DATASET section start

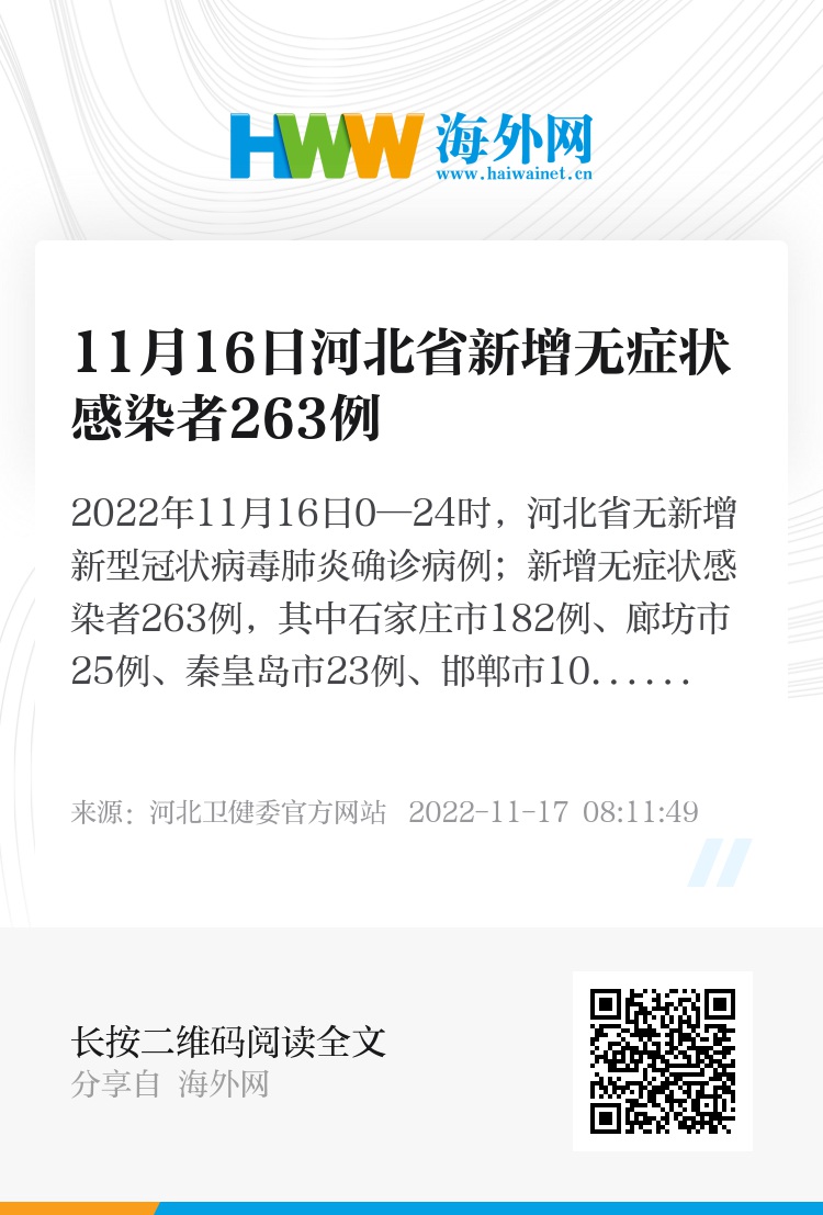 2022年11月16日0—24时,河北省无新增新型冠状病毒肺炎确诊病例;新增无症状感染者263例,其中石家庄市182例、廊坊市25例、秦皇岛市23例、邯郸市10例、张家口市7例、沧州市7例、邢台市5例、保定市2例、衡水市2例。无症状感染者解除医学观察281例。
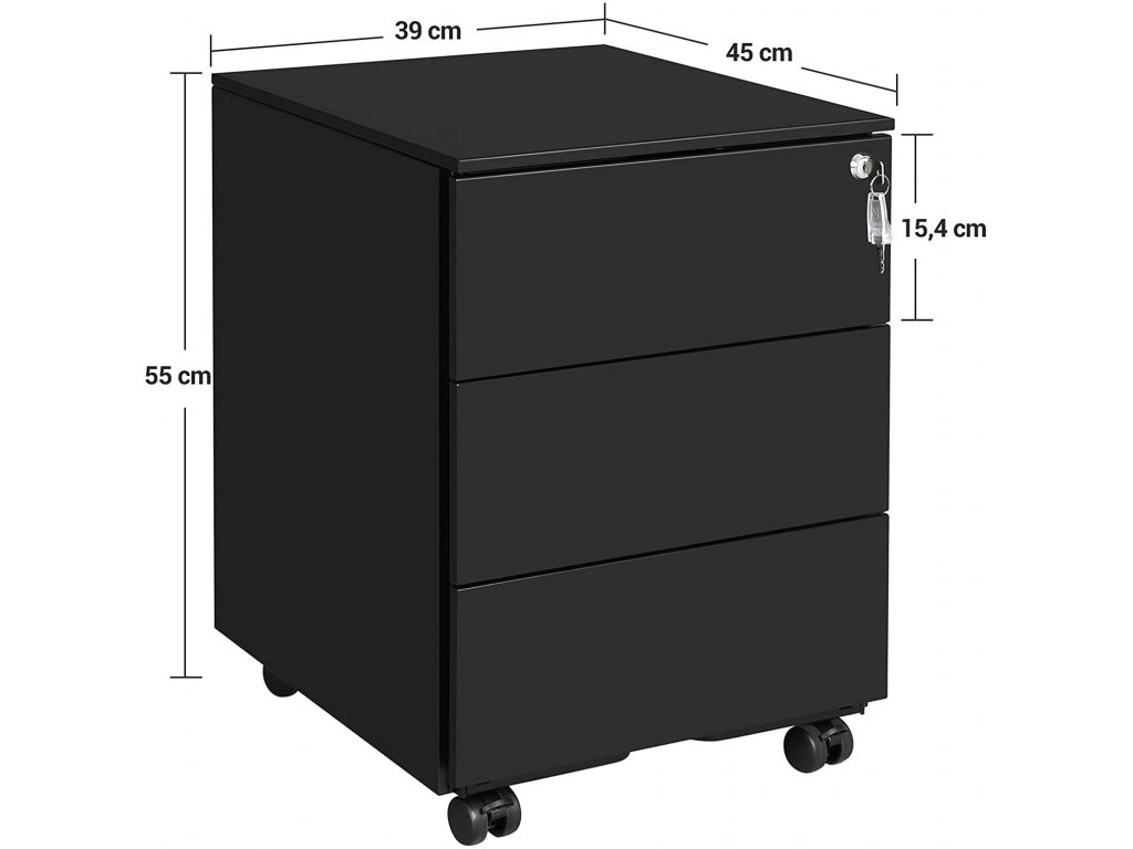 Mobilní kartotéka černá 3 zásuvky 39 x 55 x 45 cm
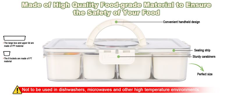 The storage box is made of food-grade plastic material, which is safe and non-toxic to ensure that the stored food will not be contaminated. At the same time, its durability also makes the separation box can be used for a long time, and is not easy to be damaged or deformed, giving you a lasting use experience. Snack storage compartments can effectively save storage space. Its stacked design allows multiple boxes to be stacked on top of each other, making it suitable for storage in various kitchen cabinets, refrigerators or desks, helping you stay clean and organized.
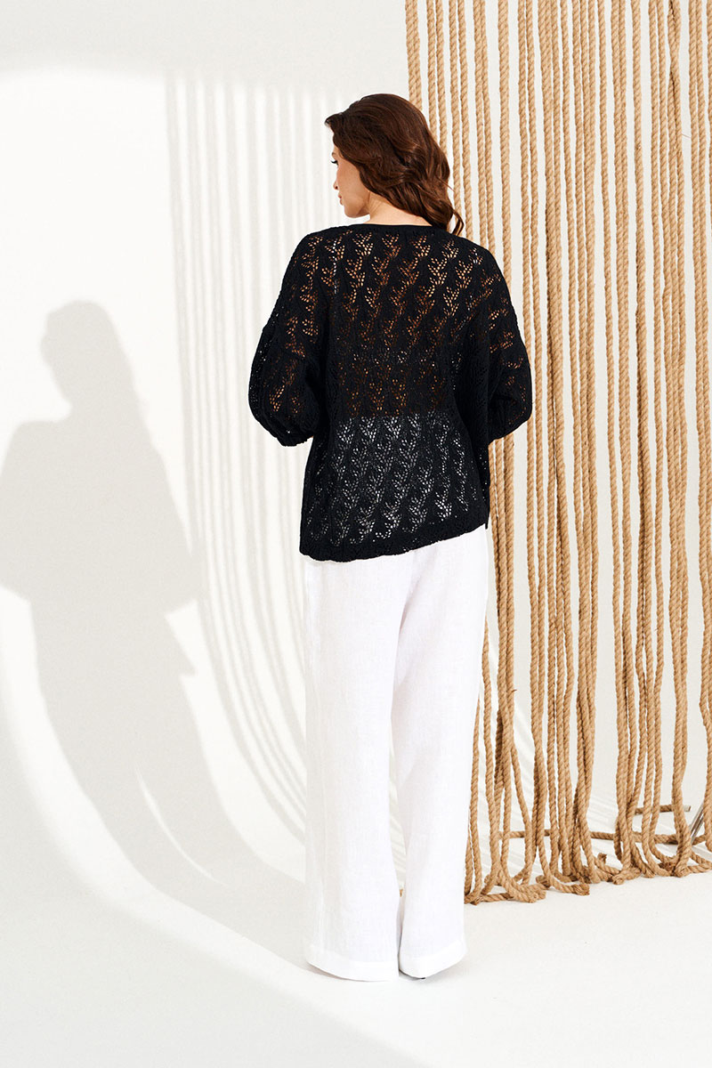 Джемпер из трикотажного полотна свободного объема, прямого силуэта, с круглым вырезом горловины. Вырез горловины обработан притачной обтачкой. Перед с вышивкой-аппликацией «Ромашка». Рукав втачной, короткий, с притачной манжетой со сборкой на резинку.
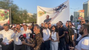 KTÖS Genel Sekreteri Burak Maviş konuşmasını, sembolik olarak “vatandaşın sepeti” ile yaptı.
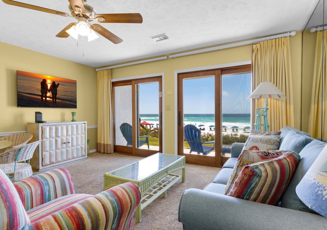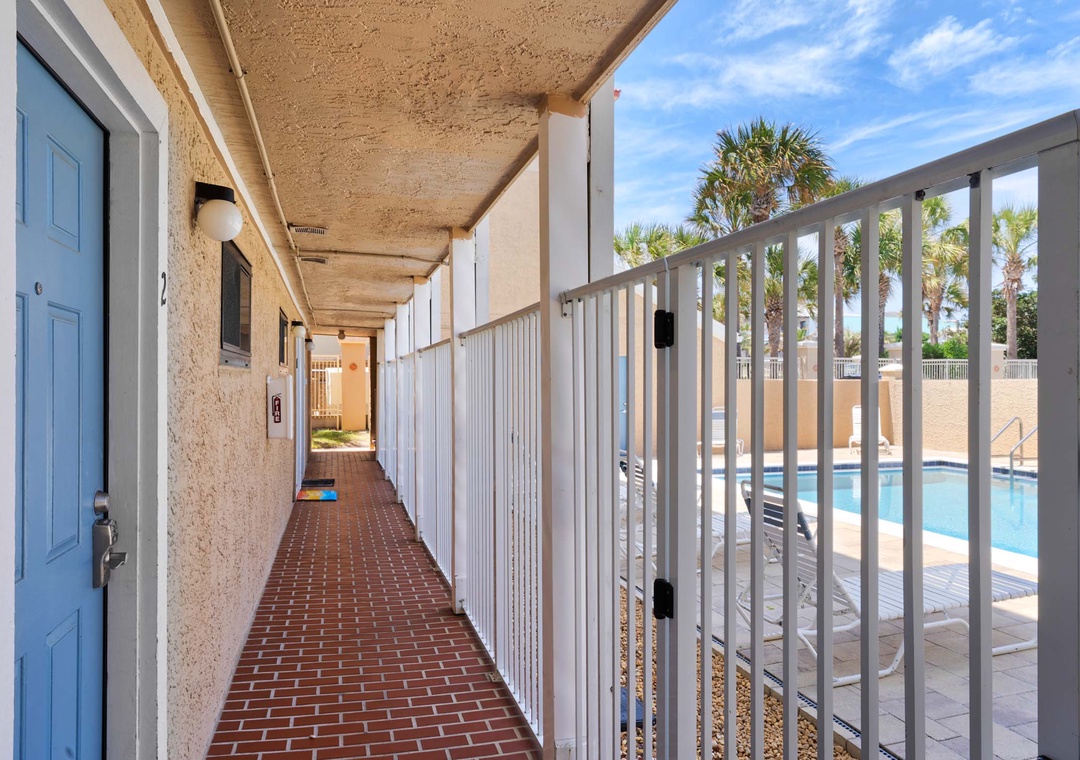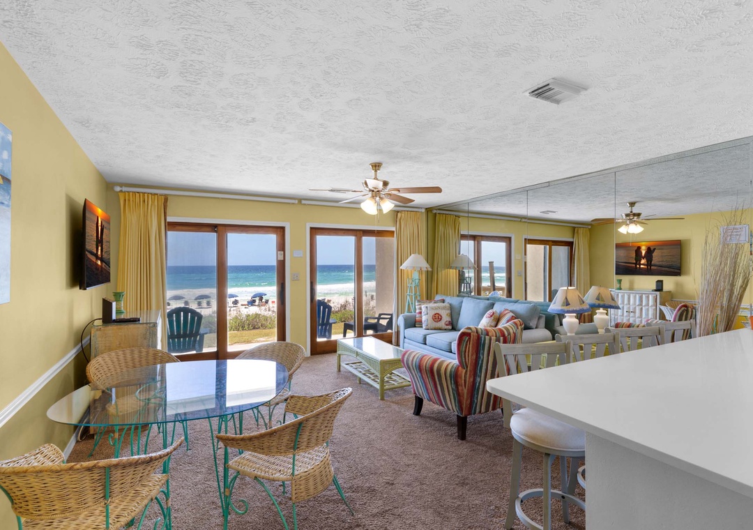 Walk straight out the back door and right out to the beach. Very convenient. Condo is near pool. Other guests did not observe pool hours or control their volume. Condo decor was dated but we were there for the beach. We’ve stayed in Crystal Villas over past 20 years. Great place & location.- Reviewed On: 8/4/2024
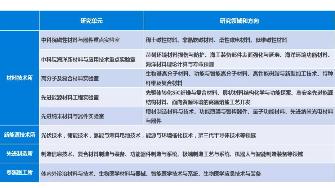 中国科学院宁波材料技术与工程研究所(以下简称宁波材料所)成立于2004年4月20日,是中科院在浙江省成立的第一个直属研究所。内设新材料、新能源、先进制造及医学工程四大研究领域。经过16年的努力形成了“以人为本”、“五位一体”基础上科研技术链、材料应用链、人才培养引进链三链融通的创新生态。
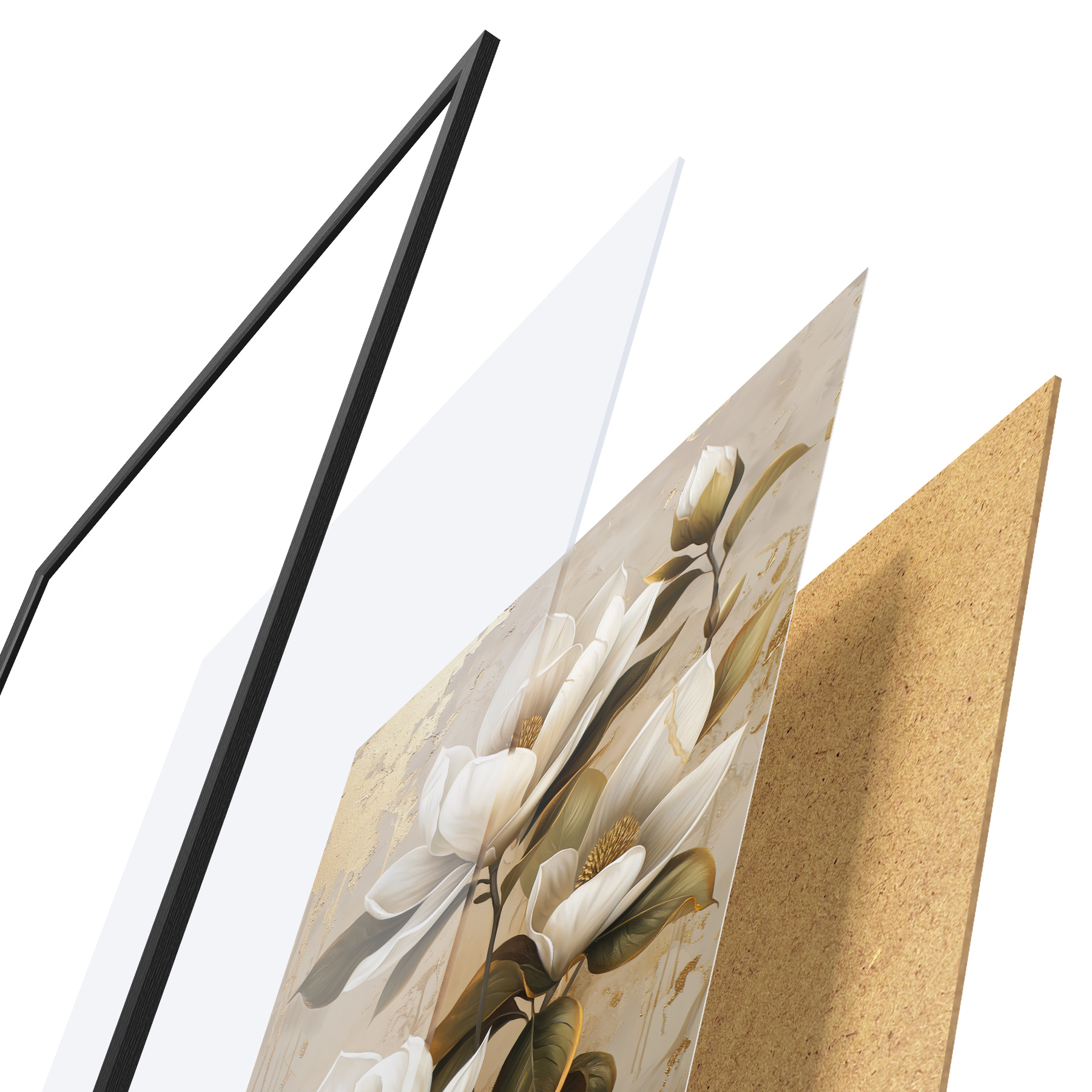 Plakatą sudaro rėmas, pleksiklas, atspausdintas vaizdas ir medžio drožlių plokštės pagrindas. Plakatą galima iš karto pakabinti ant sienos dėl kitoje pusėje esančių laikiklių.

DATASET section end

# REQUIREMENT
Reproduce only the lines from the first line of the entries through the line containing "中国科学院宁波材料技术与工程", exactly and with both ends kept. Omit the pictures.

# TASK ANSWER
 2022年11月16日0—24时,河北省无新增新型冠状病毒肺炎确诊病例;新增无症状感染者263例,其中石家庄市182例、廊坊市25例、秦皇岛市23例、邯郸市10例、张家口市7例、沧州市7例、邢台市5例、保定市2例、衡水市2例。无症状感染者解除医学观察281例。
 Mobilní kartotéka černá 3 zásuvky 39 x 55 x 45 cm
 The storage box is made of food-grade plastic material, which is safe and non-toxic to ensure that the stored food will not be contaminated. At the same time, its durability also makes the separation box can be used for a long time, and is not easy to be damaged or deformed, giving you a lasting use experience. Snack storage compartments can effectively save storage space. Its stacked design allows multiple boxes to be stacked on top of each other, making it suitable for storage in various kitchen cabinets, refrigerators or desks, helping you stay clean and organized.
 Джемпер из трикотажного полотна свободного объема, прямого силуэта, с круглым вырезом горловины. Вырез горловины обработан притачной обтачкой. Перед с вышивкой-аппликацией «Ромашка». Рукав втачной, короткий, с притачной манжетой со сборкой на резинку.
 KTÖS Genel Sekreteri Burak Maviş konuşmasını, sembolik olarak “vatandaşın sepeti” ile yaptı.
 Walk straight out the back door and right out to the beach. Very convenient. Condo is near pool. Other guests did not observe pool hours or control their volume. Condo decor was dated but we were there for the beach. We’ve stayed in Crystal Villas over past 20 years. Great place & location.- Reviewed On: 8/4/2024
 中国科学院宁波材料技术与工程研究所(以下简称宁波材料所)成立于2004年4月20日,是中科院在浙江省成立的第一个直属研究所。内设新材料、新能源、先进制造及医学工程四大研究领域。经过16年的努力形成了“以人为本”、“五位一体”基础上科研技术链、材料应用链、人才培养引进链三链融通的创新生态。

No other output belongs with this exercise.